Creating a new list from an existing one is a common operation, so Python has a shorthand syntax called list comprehension.

>>> a_doubled = [2*item for item in a]
>>> a_doubled
[8, 4, 18, 90]

Isn’t that beautiful?

We can use the same multi-variable stuff we learnt whilst looping.

>>> [index*item for index, item in enumerate(a)]
[0, 2, 18, 135]

We’re not restricted to creating new lists with the same structure as the original.

>>> [[item, item*item] for item in a]
[[4, 16], [2, 4], [9, 81], [45, 2025]]

We can even filter out items from the original list using if.

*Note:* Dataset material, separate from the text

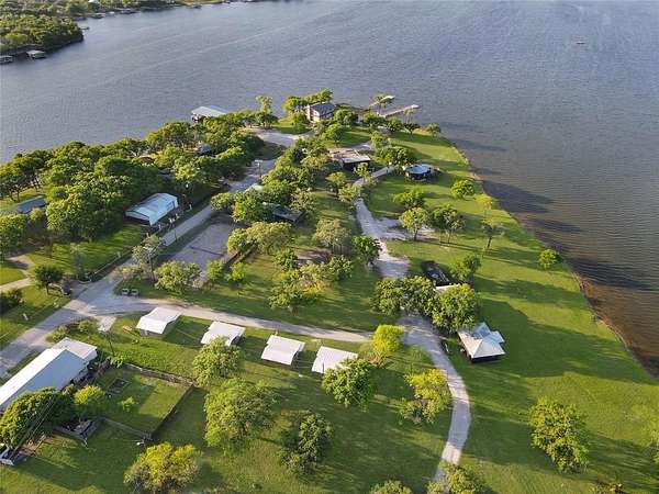 Incredible opportunity to own over 1,400 ft of lake frontage on Lake Leon! Currently operating as a successful RV and cabin rental resort, La Manch Lake Ranch offers exceptional income potential or future development possibilities.
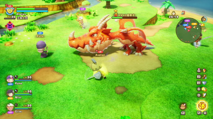 在战斗方面,本作的玩法比较容易理解,并且打击感还相当有力,只要你掌握冲刺、闪避、普通攻击、蓄力重击以及需要消耗体力的必杀技这几个基本指令,就可以轻松上手。不过请记住一件事,本作虽然有自由设定的快捷道具栏,但是在使用道具时角色并不会处于无敌状态,所以除了灵活运用不同战斗型职业的能力以外,如何运用队友或佣兵来进行相互配合也是显得尤为重要——虽然话是这么说,但很多NPC队友主要作用在于和职业相关的采集工作,论打架水准就实在不敢恭维,如果你不愿意指望他们,喜欢追求自身搭配神装的强大战斗力,还是多和朋友一起联机下副本迷宫刷素材比较来得实惠。

>>> [[item, item*item] for item in a if item % 2 == 0]
[[4, 16], [2, 4]]

List comprehensions are a powerful way of succinctly creating new lists. But be responsible; if you find you’re doing something complicated, it’s probably better to write a full for loop.

Tuples

A close relative of lists are tuples, which differ in that they cannot be mutated after creation. You can create tuples literally using parentheses, or convert things to tuples using the tuple method.

>>> a = (3, 4)
>>> del a[0]
Traceback (most recent call last):
  File "<stdin>", line 1, in <module>
TypeError: 'tuple' object doesn't support item deletion
>>> a.append(5)
Traceback (most recent call last):
  File "<stdin>", line 1, in <module>
AttributeError: 'tuple' object has no attribute 'append'
>>> a[0] = 1
Traceback (most recent call last):
  File "<stdin>", line 1, in <module>
TypeError: 'tuple' object does not support item assignment
>>> b = tuple([65, 'yes'])
>>> b
(65, 'yes')

Tuples are usually used to describe data whose length is meaningful in and of itself. For example, you could express coordinates as a tuple.

>>> coords = (3.2, 0.1)
>>> x, y = coords

This is nice because it doesn’t make sense to append to an \(` (x, y) `\) coordinate, nor to ‘delete’ a dimension. Generally, it can be useful if the data structure you’re using respects the meaning of the data you’re storing.

If you can’t think of a use for tuples yourself, its worth keeping in mind that Python creates tuples for groups of things by default. We saw that earlier when we used enumerate.

>>> list(enumerate([4, 9]))
[(0, 4), (1, 9)]

Each element of the list is a tuple.

Write a list comprehension yourself

Compute the square of the magnitude of the sum of the following two three-vectors, using a single list comprehension and the global sum method.

>>> kaon = [3.4, 4.3, 20.0]
>>> pion = [1.4, 0.9, 19.8]

It might help to first think about how you’d compute the quantity for a single vector.

Solution

Not sure what the sum method does? Ask for help!

>>> help(sum)

The square magnitude is the sum of the squares of the components, where the components are the sum of the two input vectors.

>>> magsq = sum([(k + pi)**2 for k, pi in zip(kaon, pion)])

The square root of this is around 40.42.